Published: April 16, 2013

If Khalil is forced to return to his native Jordan, he says he’ll have a choice: go back into the closet, or risk imprisonment or death because of his sexual orientation.

Fortunately, Khalil recently won a reprieve from an immigration judge in Dallas, who denied his application for asylum but granted him a waiver of removal from the U.S.

Khalil is one of 44,170 people who applied for asylum last year — and one of 63 from Jordan. The U.S. Department of Justice doesn’t track how many are LGBT. However, Khalil’s case exposes a major problem for gay and lesbian asylum seekers: They must apply within one year of arriving in the U.S., but for many, it takes much longer before they come out.

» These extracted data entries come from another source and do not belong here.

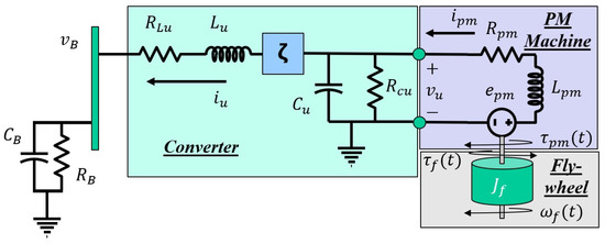 In Figure 4, ω f represents the flywheel angular velocity, τ f denotes the torque due to bearing friction in the flywheel, τ p m is the torque produced by the PM machine, v u is the voltage output from the PM machine, i p m is the current output by the PM machine, i u is the current output from the converter, ζ is the variable converter ratio, and v B is the bus voltage that is fed into Figure 2 through the u n term. The remaining parameters for the flywheel are summarized in Table 1.
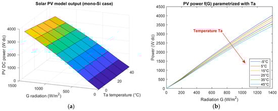 For each technology, the output power results as two independent variables function, represented in the case of monocrystalline silicon in Figure 3a. The parametrical temperature and radiation effect are shown in Figure 3b.
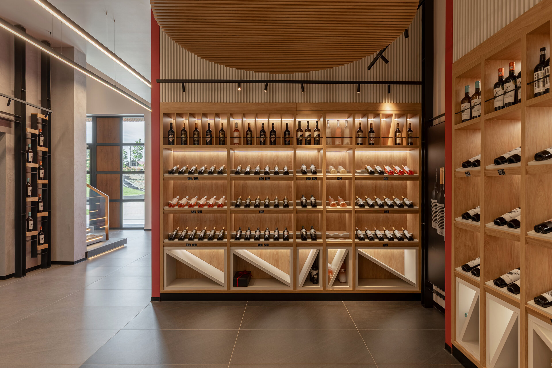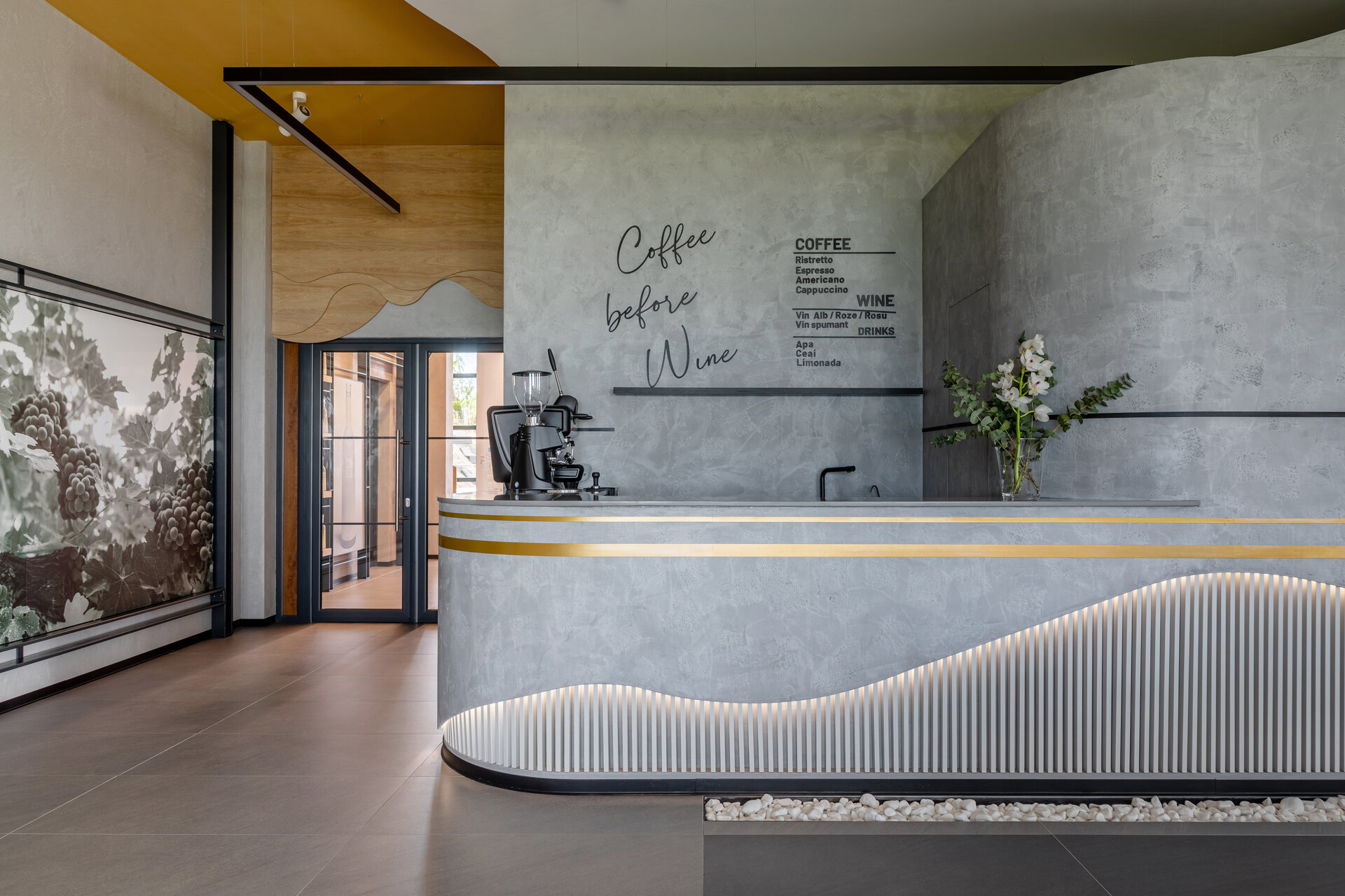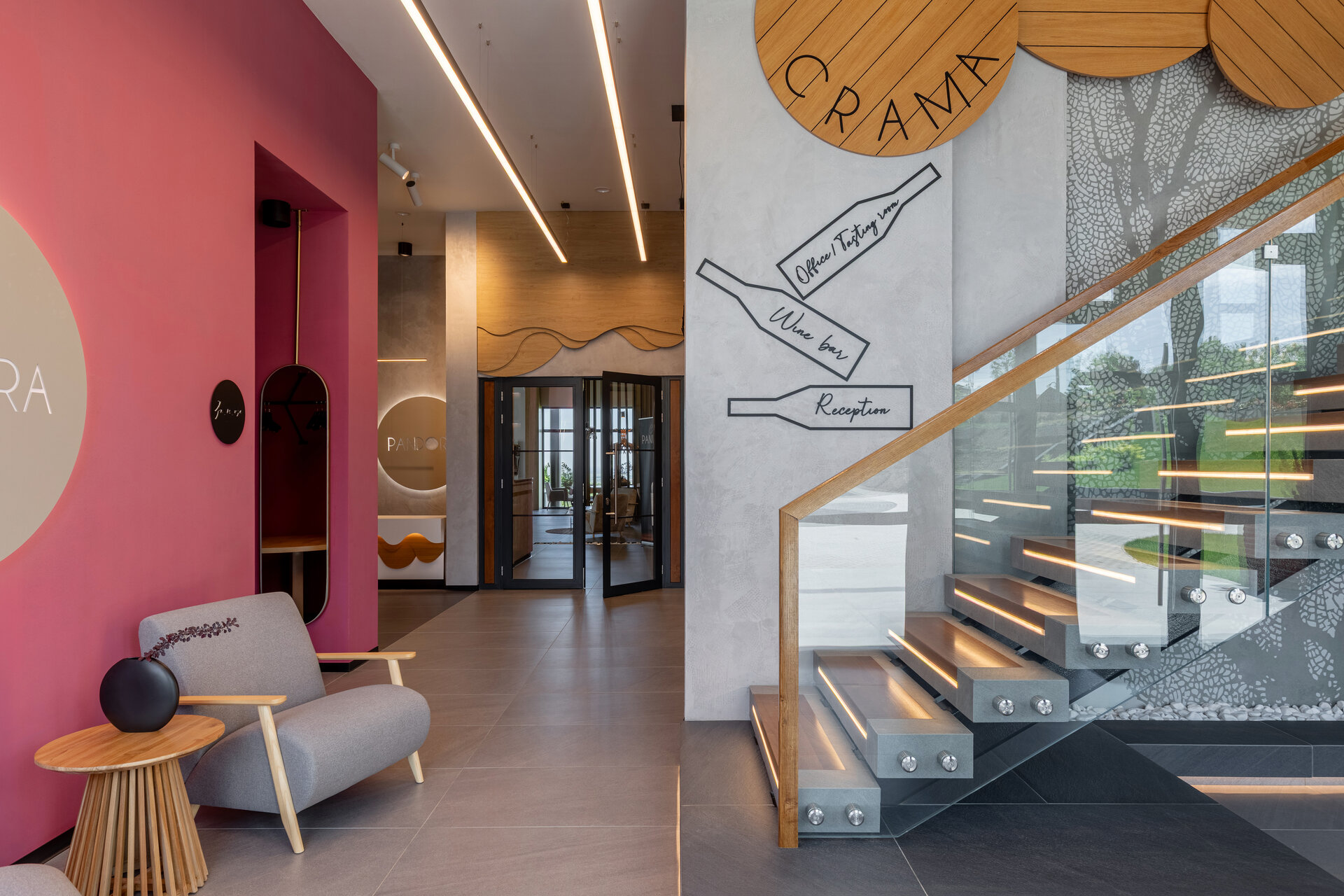 Semnalistica este integrată arhitectural, devenind parte activă a compoziției. Grafica direcțională și elementele de branding sunt aplicate cu discreție, prin inserții subtile care comunică identitatea vizuală fără a perturba limbajul spațial. Logo-ul cramei este amplasat strategic în trei zone cheie – recepție, shop și sala de degustare – fiind accentuat prin discuri luminoase care evocă forma sticlei de vin.
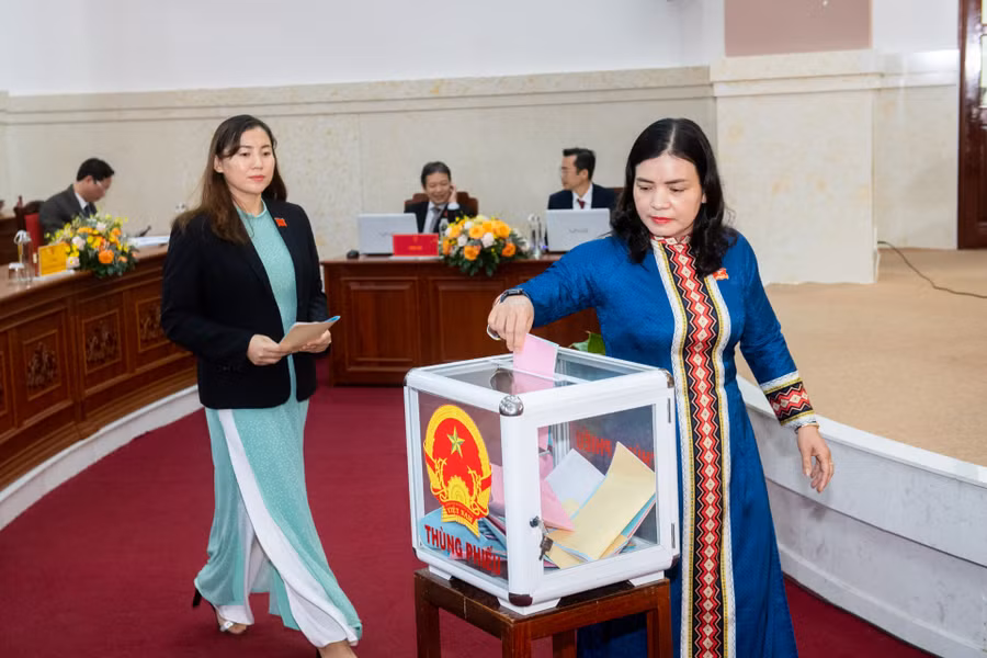 Với tinh thần trách nhiệm cao, 49 đại biểu HĐND tỉnh có mặt tại Hội trường đã tiến hành bỏ phiếu tín nhiệm bằng hình thức bỏ phiếu kín. Phiếu tín nhiệm có 3 mức đánh giá, gồm “Tín nhiệm cao”, “Tín nhiệm”, “Tín nhiệm thấp”.

“I appreciate the freedom of speech,” Khalil said outside the Earle Cabell Federal Building in downtown Dallas. “People take it for granted. I left family, friends, career, education for my freedom of speech and to be who I am.”

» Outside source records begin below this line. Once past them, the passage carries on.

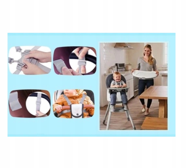 - Пояс безопасности детского кресла может быть легко прикреплен к стульям для использования в питомниках, в ресторанах, отелях или других детских креслах.
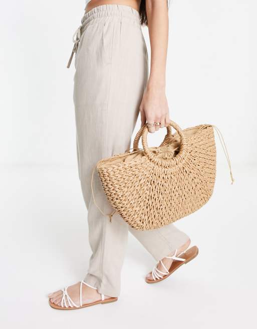 South Beach - Sac à main de plage en paille avec poignée ronde - Beige
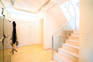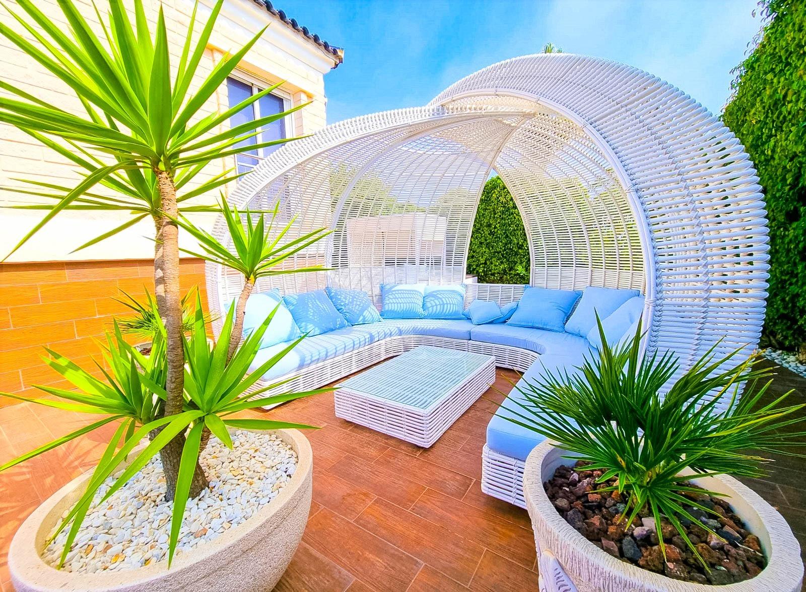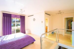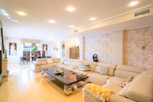 A spacious villa for sale with 5 bedrooms, two living rooms (one located in the semi-basement), four bathrooms, a sauna, dance room, and gym. The total built area is 367 m², distributed over three levels, on a 625 m² plot featuring a private pool and barbecue area The villa is located in one of the most prestigious areas of Torrevieja – Molino Blanco (La Mata). The distance to La Mata beach is just 250 meters in a straight line Sold fully furnished, with all household appliances, decorative elements, central air conditioning, and well-planned lighting
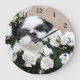 Black and white Shih Tzu face looking cute and sweet as the white roses she is with dog lovers wall clock
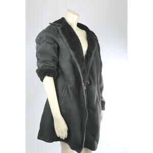 Vintage Dark Green Shearling Suede Coat Warm Winter Leather Trim Jacket Size M
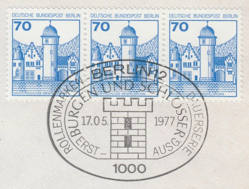 Der 70 Pf Wert der Dauerserie Burgen und Schlösser erschien am 17.05.1977. Hier als Briefstück ein mit ESST entwerteter waagerechter Dreierstreifen aus dem Bogen:
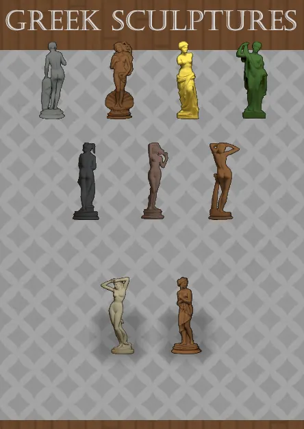 Adds nine sculptures depicting mythological characters like Aphrodite. Includes two terror statues for Ideology players. All these statues have work bills that are separate from the vanilla statues!
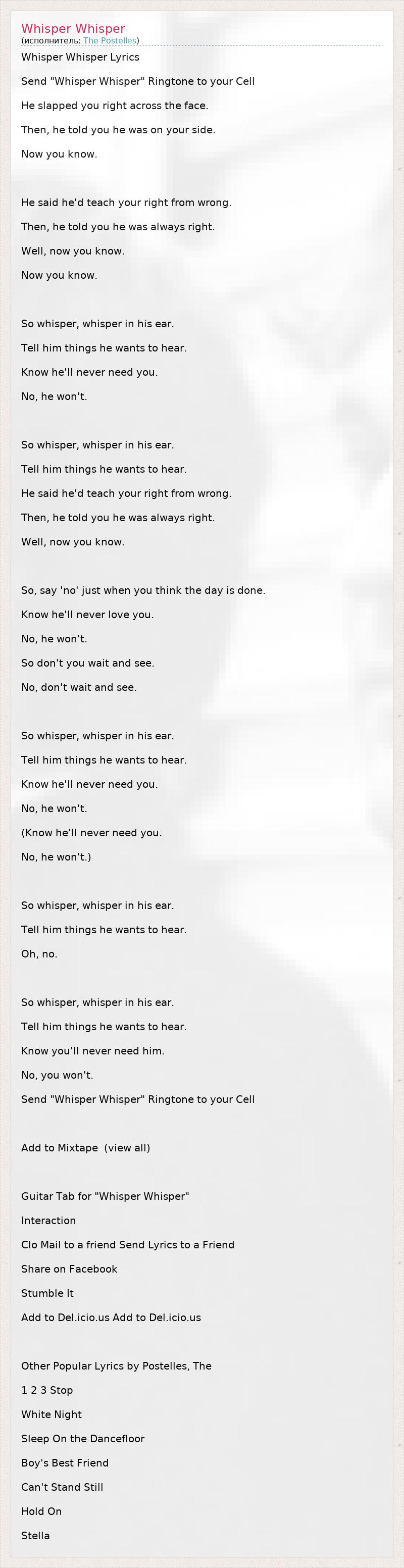 Whisper Whisper Lyrics Send "Whisper Whisper" Ringtone to your Cell He slapped you right across the face. Then, he told you he was on your side. Now you know. He said he'd teach your right from wrong. Then, he told you he was always right. Well, now you know. Now you know. So whisper, whisper in his ear. Tell him things he wants to hear. Know he'll never need you. No, he won't. So whisper, whisper in his ear. Tell him things he wants to hear. He said he'd teach your right from wrong. Then, he told you he was always right. Well, now you know. So, say 'no' just when you think the day is done. Know he'll never love you. No, he won't. So don't you wait and see. No, don't wait and see. So whisper, whisper in his ear. Tell him things he wants to hear. Know he'll never need you. No, he won't. (Know he'll never need you. No, he won't.) So whisper, whisper in his ear. Tell him things he wants to hear. Oh, no. So whisper, whisper in his ear. Tell him things he wants to hear. Know you'll never need him. No, you won't. Send "Whisper Whisper" Ringtone to your Cell Add to Mixtape (view all) Guitar Tab for "Whisper Whisper" Interaction Clo Mail to a friend Send Lyrics to a Friend Share on Facebook Stumble It Add to Del.icio.us Add to Del.icio.us Other Popular Lyrics by Postelles, The 1 2 3 Stop White Night Sleep On the Dancefloor Boy's Best Friend Can't Stand Still Hold On Stella
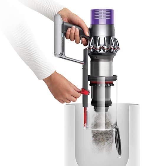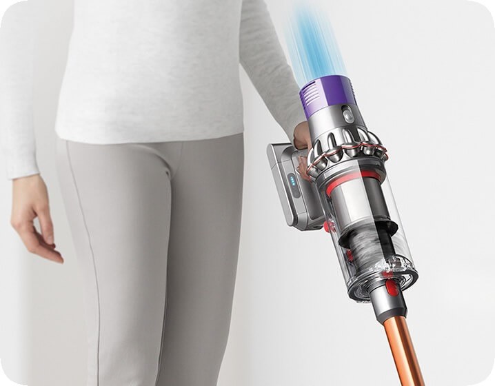 Благодаря тому, что двигатель, контейнер и циклоны расположены на одной линии, воздух проходит из насадки в циклоны по прямой траектории. В сочетании с более мощным двигателем Dyson V10 с цифровым управлением, это позволило увеличить мощность всасывания.
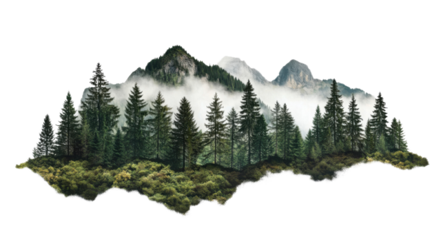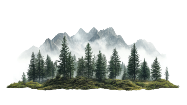 PNG panoramic view of a mountain range with a transparent sky.  The rocky crags are surrounded by green slopes covered in trees.
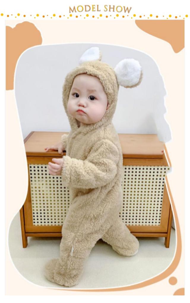 | ベビーちゃんがカワイイクマさんに大変身! 柔らかくソフトな肌触りが特徴的なスムースなの で とっても着心地がよい。 赤ちゃんの頭からつま先まですっぽりと包んでベビーロンパースです。 スナップボタンの前開きで足まで開くので、着脱は簡単、お着替えやオムツ交換も楽チン♪ | |

While Judge Richard R. Ozmun’s order allows Khalil to stay, it does not allow him to seek a green card, which he could get if it weren’t for the federal Defense of Marriage Act.

He can apply for a work permit, return to school, get a driver’s license and remain with his partner, Alex. But he won’t see his parents or have a path to citizenship.

Khalil’s last name is being withheld to protect his identity because he fears possible reprisals.